◆ What the exercise asks ◆
Print the data below exactly as it stands, and keep the pictures out.

Data below Start Marker

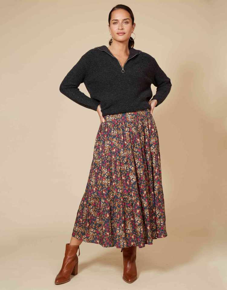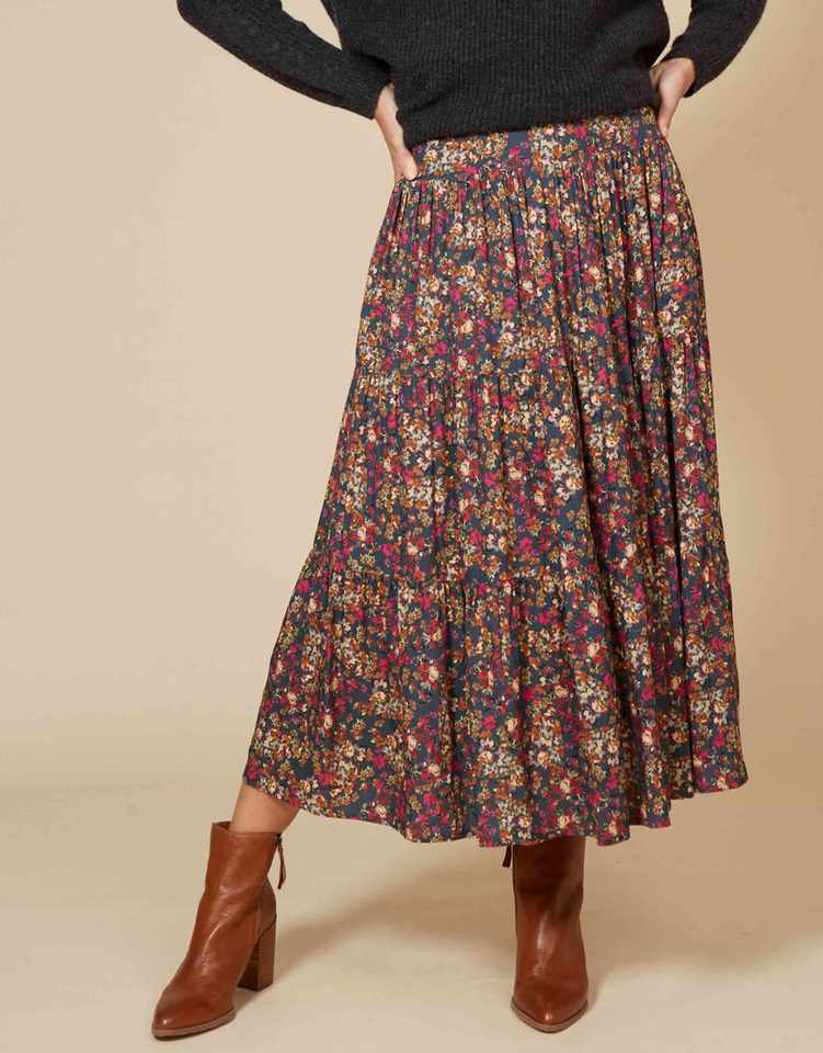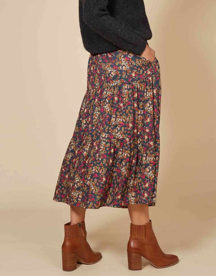 กระโปรงทรงเอ midi สวยงาม เอวสม็อค ด้านหน้าเรียบ ทรงเอไลน์ จับจีบเป็นชั้นๆ มีกระเป๋าข้าง ลายดอกเล็กๆ สำหรับผู้หญิง
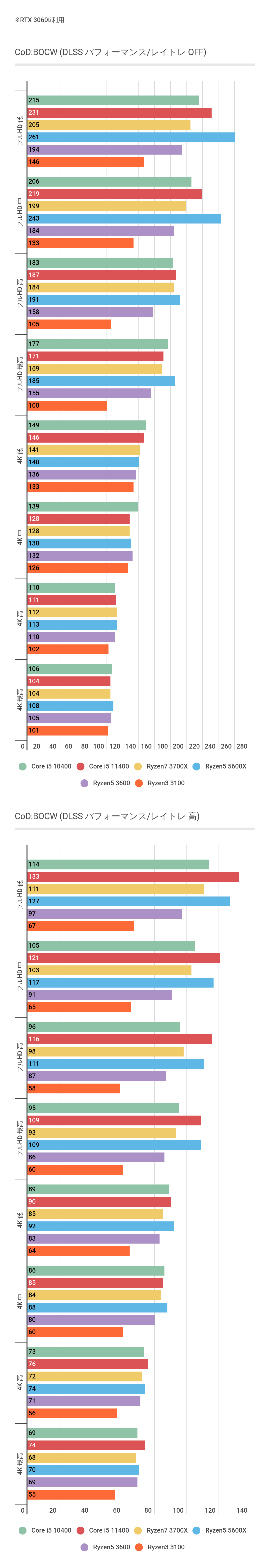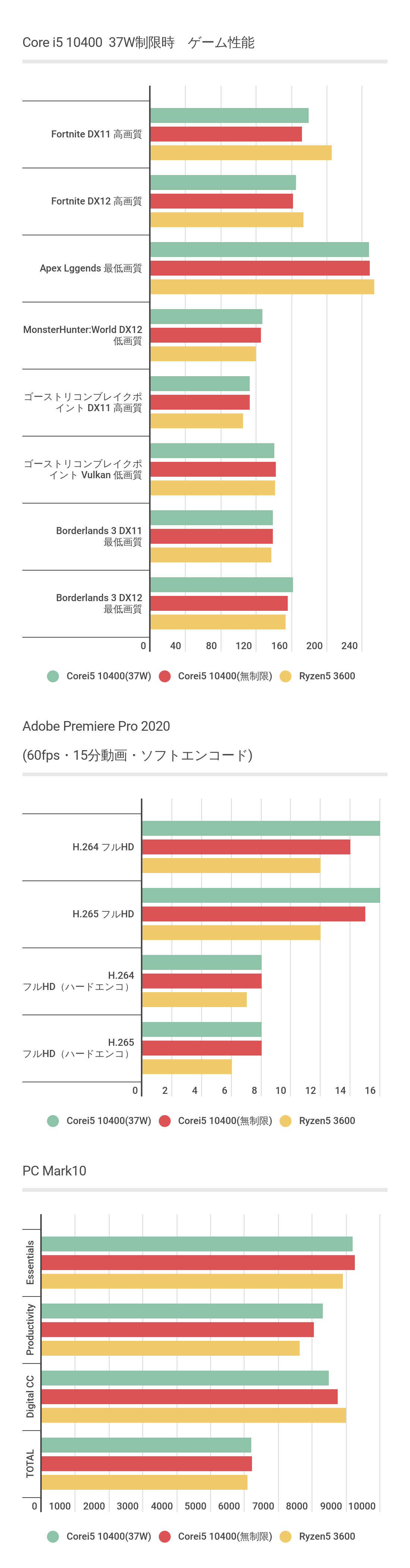 Ryzen 5 3600に対してCore i5 10400のほうが安定して高性能な結果となっています。
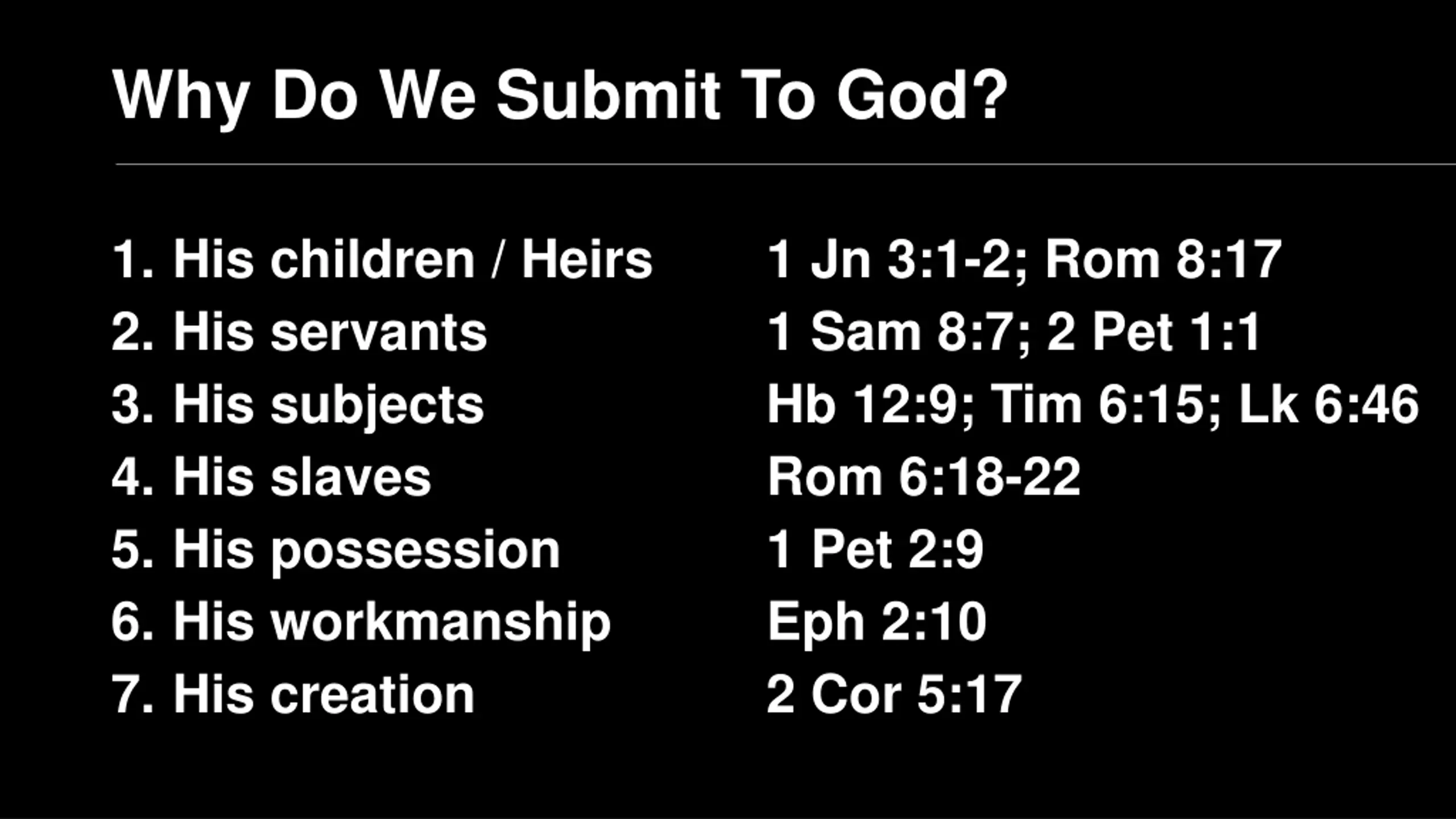 Why Do We Submit To God? 1. His children / Heirs 2. His servants 3. His subjects 4. His slaves 5. His possession 6. His workmanship 7. His creation 1 Jn 3:1-2; Rom 8:17 1 Sam 8:7; 2 Pet 1:1 Hb 12:9; Tim 6:15; Lk 6:46 Rom 6:18-22 1 Pet 2:9 Eph 2:10 2 Cor 5:17

Data below End Marker

◆ Written solution ◆
 กระโปรงทรงเอ midi สวยงาม เอวสม็อค ด้านหน้าเรียบ ทรงเอไลน์ จับจีบเป็นชั้นๆ มีกระเป๋าข้าง ลายดอกเล็กๆ สำหรับผู้หญิง
 Ryzen 5 3600に対してCore i5 10400のほうが安定して高性能な結果となっています。
 Why Do We Submit To God? 1. His children / Heirs 2. His servants 3. His subjects 4. His slaves 5. His possession 6. His workmanship 7. His creation 1 Jn 3:1-2; Rom 8:17 1 Sam 8:7; 2 Pet 1:1 Hb 12:9; Tim 6:15; Lk 6:46 Rom 6:18-22 1 Pet 2:9 Eph 2:10 2 Cor 5:17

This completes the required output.